Папка с доказательствами распухла до неприличных размеров. Дмитрий Сергеевич потирал руки — дело точно выигрышное.
Зал суда казался огромным и холодным. Я сидела рядом с Дмитрием Сергеевичем, Юля — позади, в зале для публики. Андрей — напротив, с каким-то молодым адвокатом в дорогом костюме.
Не смотрел на меня. Ни разу за всё заседание не поднял глаз.
Судья — женщина лет шестидесяти с усталым лицом — листала документы. Читала заключение эксперта, качала головой.
— Господин Морозов, вы можете объяснить, каким образом на договоре оказалась поддельная подпись?
Андрей встал, поправил галстук.
— Ваша честь, моя доверительница сама подписывала документы. Возможно, она просто забыла…
— Забыла, как собственную подпись ставить? — судья подняла брови.

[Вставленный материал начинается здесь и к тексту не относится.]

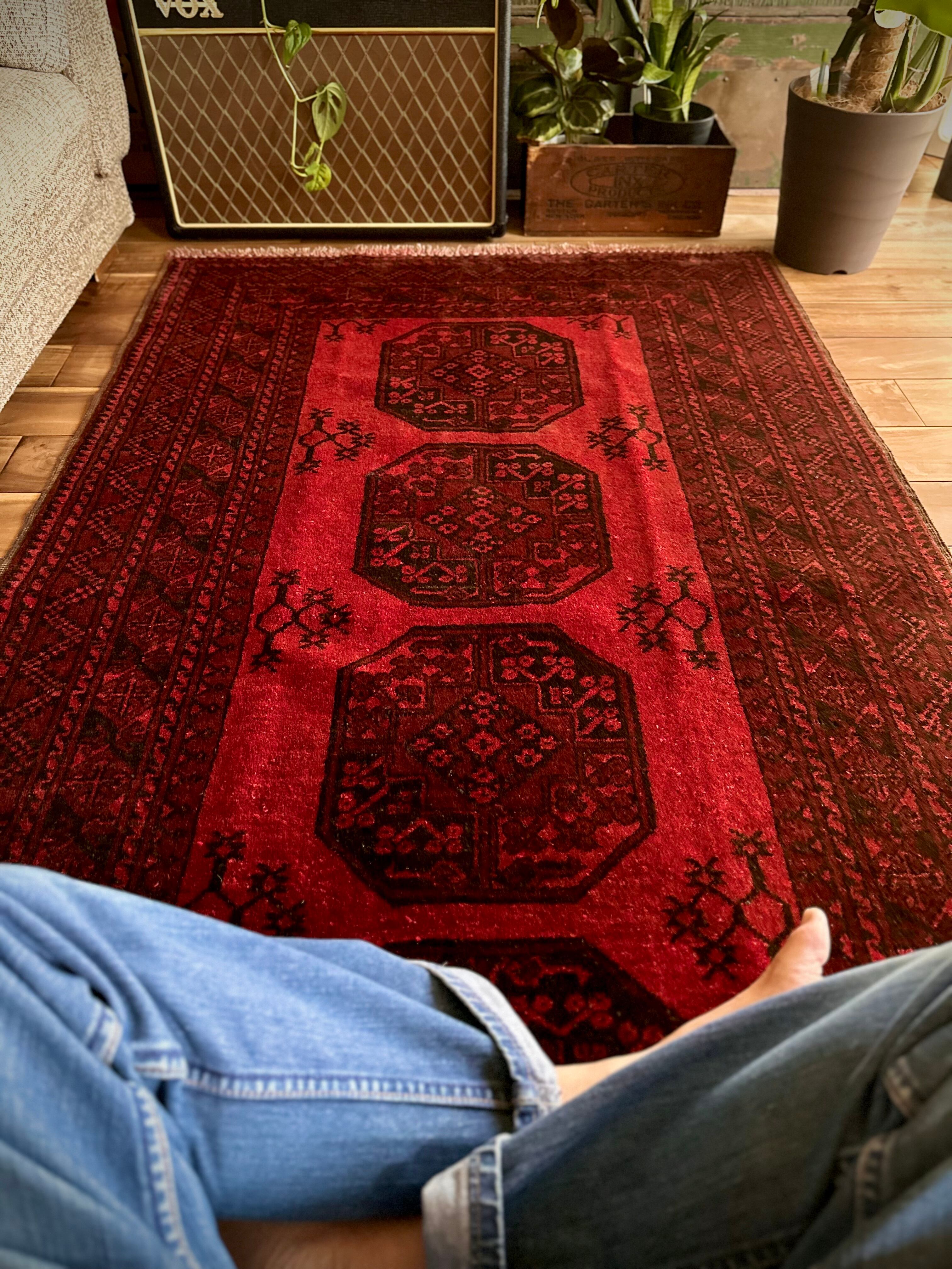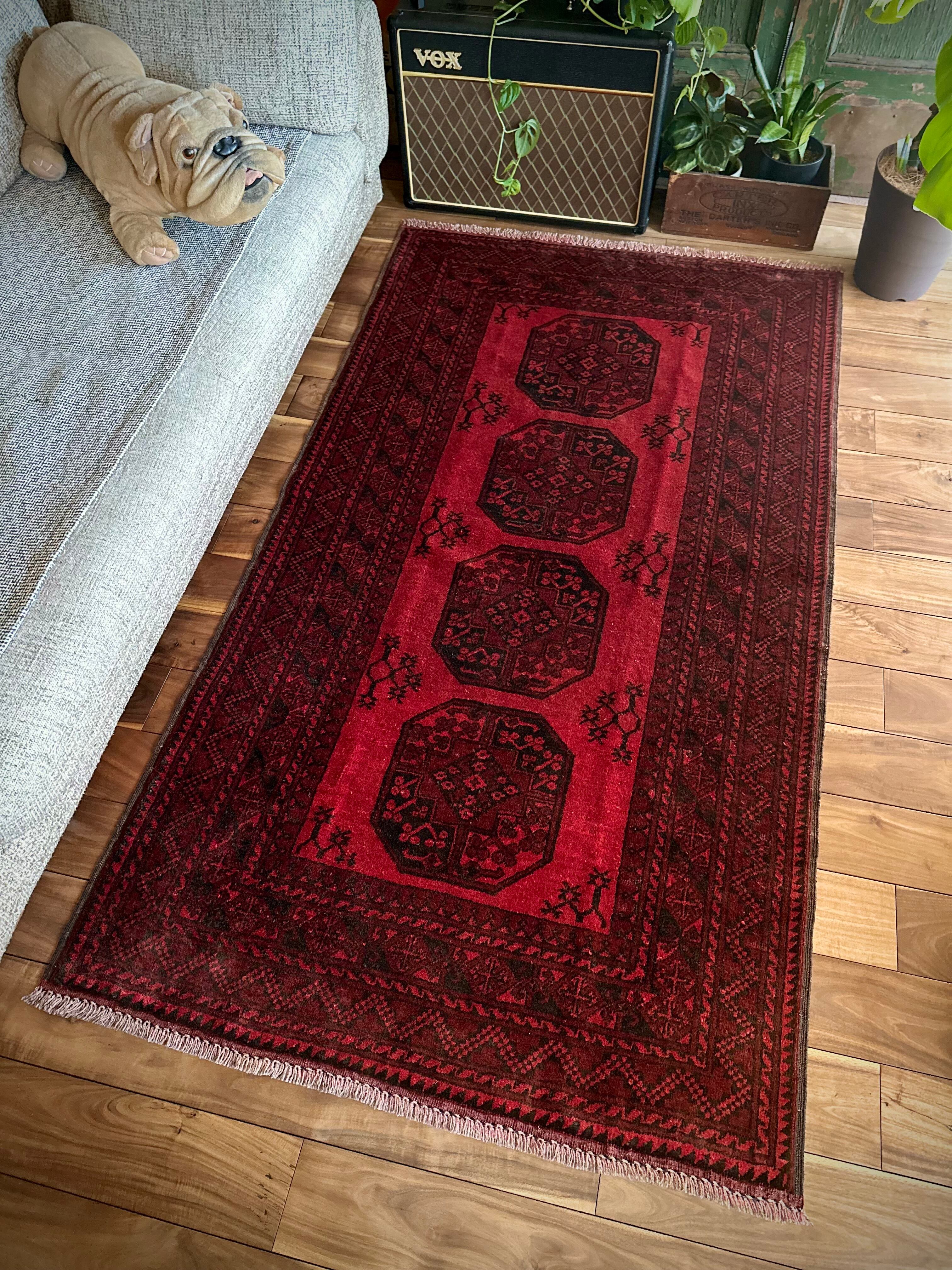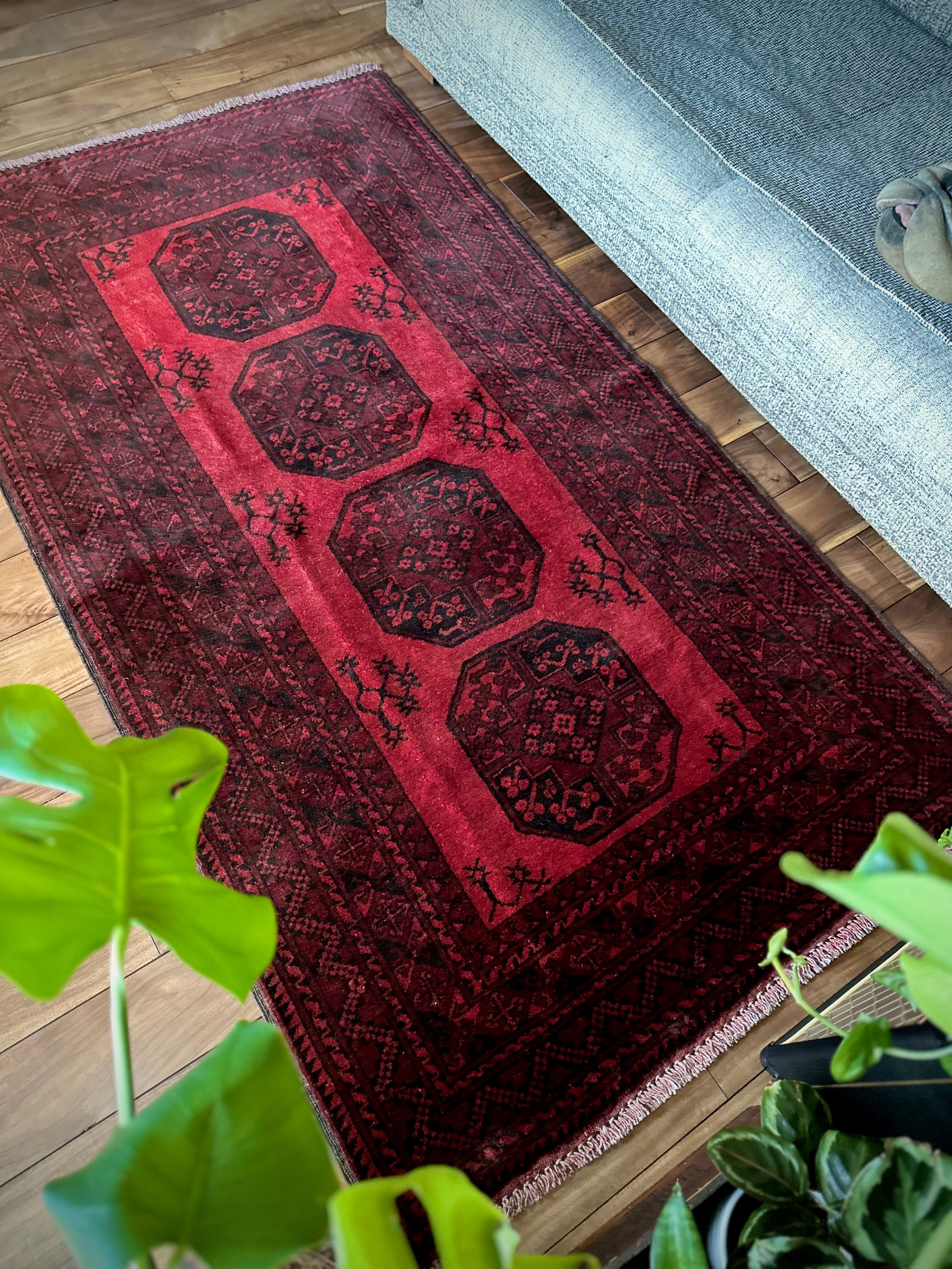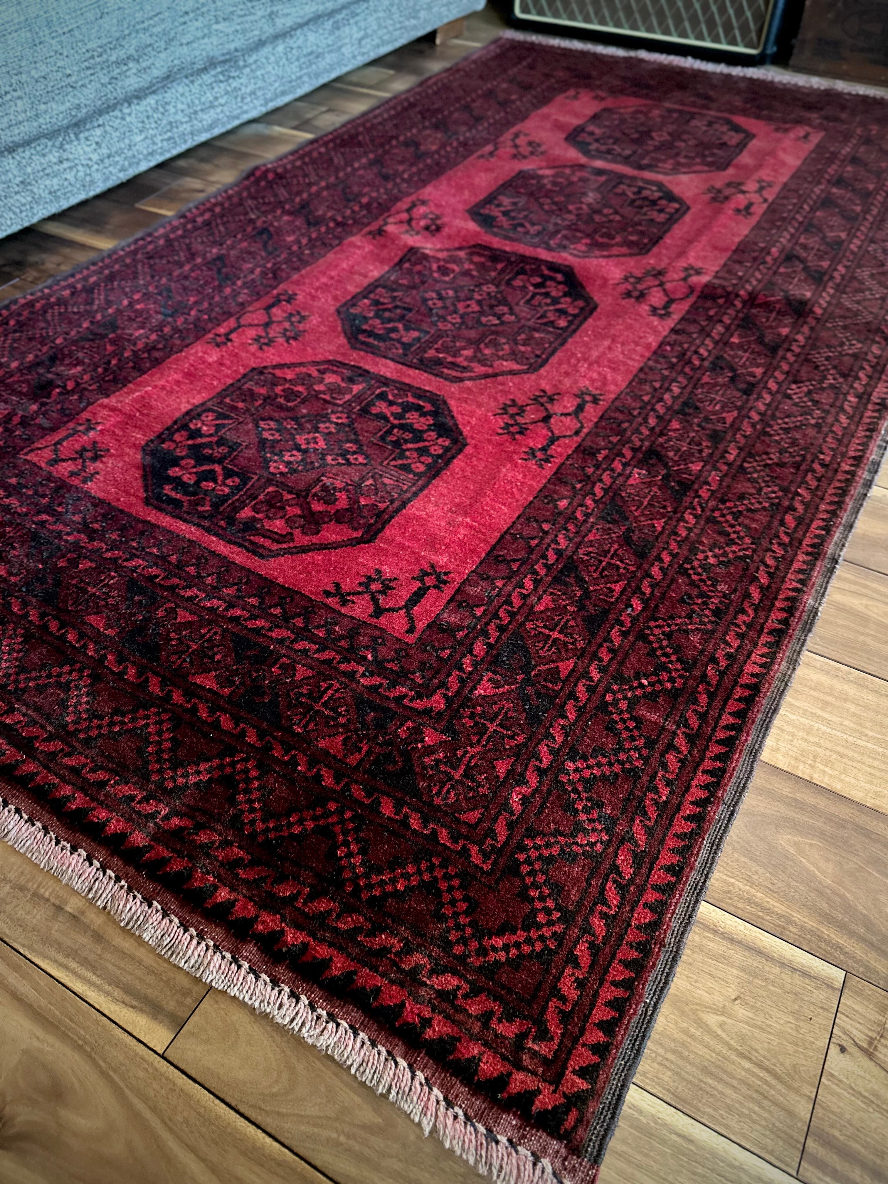 目を惹く真っ赤なフィールドに4連のスレイマンギュルがかっこいいこちらは、アフガニスタン北部に居住するトルクメンの支族で、フィルパイと呼ばれる象の足跡に似た紋様が特徴的なエルサリ族のトライバルラグになります。

— Прошло много лет. Почерк меняется…
— Но не до такой же степени. Эксперт указал семнадцать несовпадений. Семнадцать!
Адвокат Андрея пытался что-то возразить, но судья его перебила.
— А как вы объясните отсутствие нотариуса Ивановой в реестре?
Молчание. Долгое, тягучее молчание.
— Возможно, ошибка в базе данных…
— Проверяли трижды. Никакой ошибки. Более того — печать на договоре не соответствует образцам печатей нотариальной палаты того периода.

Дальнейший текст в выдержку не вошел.